Музыка. Я закрыл глаза. Тяжёлые ударники, слова женщины... её голос беспокоил меня. Эмоциональный, с каждым словом переходящий от тёплого воркования к более жёсткому тембру. Мне это не понравилось. Слишком неустойчивый, непредсказуемый голос. Биполярный, я бы сказала. Я встала, чтобы выключить его. Если это была попытка Айзека приобщить меня к своей музыке, ему стоило попробовать что-то менее... Слова. Они вдруг захватили меня и удерживали, качали в воздухе; я могла пинаться и извиваться, но была не в состоянии спрятаться от них. Я слушала, глядя на огонь, а затем слушала с закрытыми глазами. Когда диск закончился, я включила его и снова слушала то, что он пытался донести. Вытащив диск из проигрывателя, я засунула его обратно в конверт. Мои руки дрожали. Я пошла на кухню и затолкала его вглубь своего ящика, отведённого для всякой ерунды, под каталог «Нюман Маркус» (Прим. ред.: американский элитный универмаг, в котором представлены бренды премиум-класса) и кучи квитанций, перевязанных резинкой. Я была взволнована. Мои руки не могли прекратить двигаться: я пропускала сквозь пальцы пряди волос, залезала в карманы, теребила нижнюю губу. Мне нужно очиститься, для чего я отправилась к себе в кабинет, чтобы впитать бесцветное одиночество. Я лежала на полу и смотрела в потолок. Обычно белый очищал меня и успокаивал, но сегодня слова песни нашли меня. «Я напишу!» — подумала я, встала и двинулась к своему столу. Но, даже когда пустой документ Word предстал передо мной — чистый и белый, я не смогла выплеснуть на него какие-либо мысли. Я сидела за столом и смотрела на курсор. Он казался нетерпеливым, моргая и ожидая, когда я найду слова. Единственные слова, что я слышала, были слова из песни, которую Айзек Астерхольдер оставил на лобовом стекле. Они вторглись в моё белое пространство мышления, пока я не захлопнула свой компьютер и не спустилась вниз по лестнице к ящику. Выкопала картонный конверт оттуда, куда его затолкала, и выбросила в мусорную корзину.
Когда Айзек вошёл через дверь, где-то после восьми, я сидела, завернувшись в одеяло перед огнем, обхватив руками колени. Мои босые ноги пританцовывали в такт музыке. Он остановился как вкопанный и смотрел на меня. Я не хотела смотреть на него, поэтому просто продолжала пялиться на огонь. Доктор прошёл на кухню. Я слышала, как мужчина убирал остатки беспорядка от приготовления бутерброда. Через некоторое время он вернулся с двумя чашками и передал мне одну. Кофе. — Ты ела сегодня. — Он сел на пол и прислонился спиной к дивану. Айзек мог бы сесть на диван, но сел на пол со мной. Со мной. Я пожала плечами. — Да. Айзек продолжал смотреть на меня, и я съёжилась под пристальным взглядом его серебристых глаз. Затем до меня дошло, что он сказал. Я не готовила себе с тех пор, как всё случилось. Я бы умерла с голоду, если бы не Айзек. Приготовление бутерброда – первый раз, когда я приняла меры, чтобы выжить. Значение слова казалось как тёмным, так и светлым.

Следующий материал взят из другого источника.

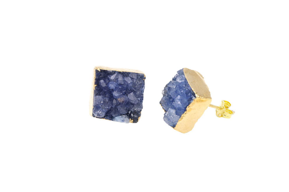 Kolczyki Agat Druza Niebieskie Kwadrat Złocone
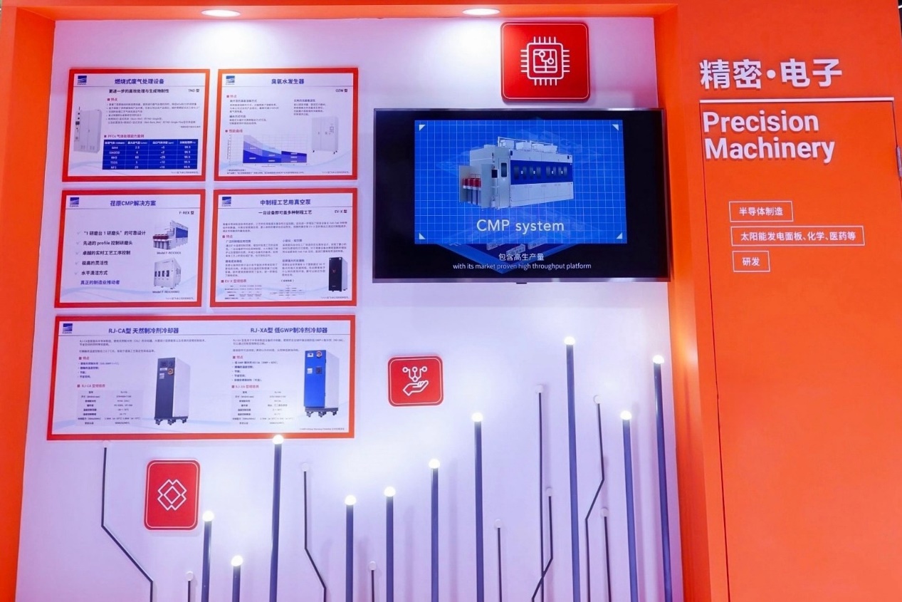 在精密·電子展區(qū),荏原隆重推出了一系列尖端產(chǎn)品,包括最新的F-REX型CMP(化學(xué)機(jī)械拋光)設(shè)備、EV-X型中制程工藝用干式真空泵、TND型燃燒式廢氣處理設(shè)備、OZW型臭氧水發(fā)生器、以及半導(dǎo)體制造用冷卻器等。
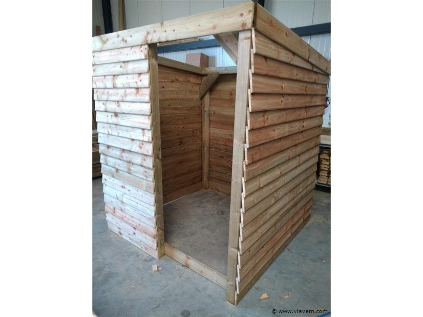Schuilhut 1.80 x1.80 geimpregneerd grenen met 3 gesloten wanden en voorwand wordt geleverd als bouwpakket bevestigingsmateriaal inbegrepen excl nietjes dakplaten niet inbegrepen.
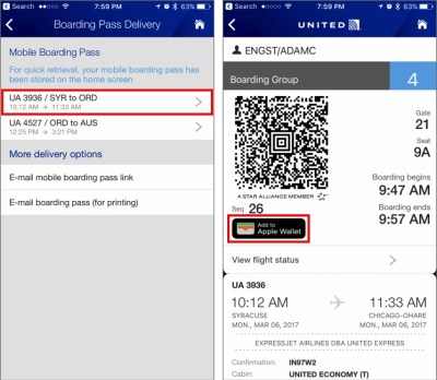 Bank check In and Add Boarding Passes — Once you're logged in to the airline app, it should be relatively obvious how you tin check in for your flying, which you tin ordinarily do 24 hours beforehand. If you booked the flight through the same airline, the app might fifty-fifty know almost your itinerary already. If not, you may have to enter a confirmation number or ticket number — I had to do that when using the Delta app to bank check in for the return leg of my terminal trip, which had originated on United.
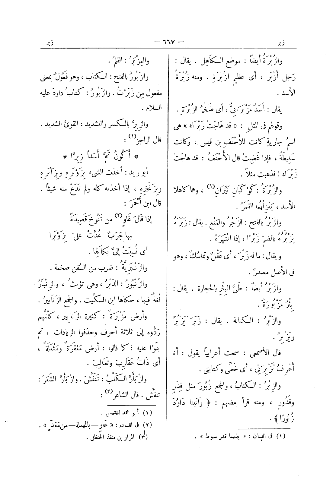 والزبرة أيضا: موضع الكَاهِل. يقال: رَجل أَزْبَر، أي عظيم الزُبْرَةِ. ومنه زُبْرَةُ. الأسد. يقال: أَسَدٌ مَزْبَرَانيٌّ، أي ضخم الزبرة. وقولهم في المثل: " قد هاجت زبراء " هي اسم جارية كانت للاحنف بن قيس، وكانت سليطة، فإذا غضبت قال الاحنف: قد هاجت زبراء! فذهب مثلا. والزبرة: كوكبان نيران (¬1) ، وهما كاهلا الأسد، يَنزِلُهُما القَمَرُ. والزَبْرُ بالفتح: الزَجرُ والمَنْع. يقال: زبره يزبره بالضم زبرا، فإذا انتهره. ويقال: ما له زبر، أي عَقْلٌ وتماسُكٌ، وهو في الأصل مصدرٌ. والزَبْرُ أيضاً: طَيُّ البِئْرِ بالحجارة. يقال: بئْرٌ مَزْبورَةٌ. الزبر: الكتابة. يقال: زبر يزبر ويَزْبِرُ. قال الأصمعي: سمعت أعرابياً يقول: أنا أَعْرِفُ تَزْبِرَتي، أي خَطِّي وكتابتي. والزِبْرُ: الكتابُ، والجمع زبور مثل قدر وقدور، منه قرأ بعضهم:
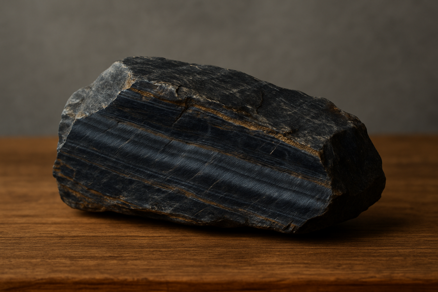 - Barva: Nejčastěji modrošedá, někdy s nádechem do modročerné. Lesklé pruhy vytvářejí proměnlivé světelné efekty, známé jako "kočičí oko".
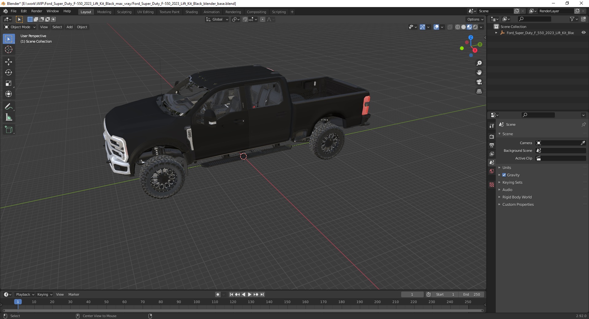Ford Super Duty F-550 2023 Lift Kit Black is a high quality, photo real 3d model that will enhance detail and realism to any of your rendering projects. The model has a fully textured, detailed design that allows for close-up renders, and was originally modeled in 3ds Max 2020 and rendered with V-Ray. Renders have no postprocessing!

— Кто это? — мягко спросила я. Смиренно. — Кто поёт? — Её зовут Флоренс Уэлч (Прим. ред.: английская исполнительница, неизменная солистка группы «Florence and the Machine»). — А название песни? — я украдкой взглянула на его лицо. Он слегка кивнул, поощряя меня продолжить расспросы. — «Landscape». На языке у меня вертелась целая тысяча слов, но я крепко держала их в горле. Я не очень хороша в разговорах. Но хороша в письменной форме. Я играла с углом одеяла. Просто спроси его, откуда он узнал. Я зажмурилась. Это было так трудно. Айзек взял мою кружку и встал, чтобы отнести на кухню. Он был почти там, когда я крикнула: — Айзек? Он посмотрел на меня через плечо, его брови взметнулись вверх. — Спасибо... за кофе. Он сжал губы и кивнул. Мы оба знали, что это не то, что я собиралась сказать. Я положила голову между коленями и слушала «Landscape».
Сапфира Элгин. Какого мозгоправа зовут Сапфира? Это имя больше подходило для стриптизёрши. Со следами от уколов на руках и жирными, чёрными корнями отросших на дюйм тонких жёлтых волос. У доктора медицинских наук Сапфиры Элгин гладкие руки цвета карамели. Единственное украшение, которое можно увидеть на ней — толстые золотые браслеты, расположившиеся от запястья до середины предплечья. Этакое классическое проявление богатства. Я наблюдала, как она записывала что-то в своём блокноте. Браслеты нежно бренчали, пока ручка царапала бумагу. Я разделяла людей по одному из четырёх чувств, которое они проявляли сильнее всего. Сапфира Элгин подпадала под звук. Её офис тоже их издавал. Слева от нас в камине потрескивал огонь и поглощал поленья. За её левым плечом журчал небольшой фонтан с миниатюрными камнями. А в углу комнаты, за книжным шкафом из ореха и шоколадными диванами, была большая латунная клетка напротив окна. Пять разноцветных канареек щебетали и прыгали с одного уровня на другой. Доктор Элгин перевела взгляд от блокнота на меня и что-то произнесла. Её губы были цвета свеклы, и я вяло смотрела на них, пока она говорила. — Простите. Что Вы сказали? Она улыбнулась и повторила вопрос. Прокуренный голос. У неё был акцент, который выделял букву «р». Звучало так, будто она мурлыкала.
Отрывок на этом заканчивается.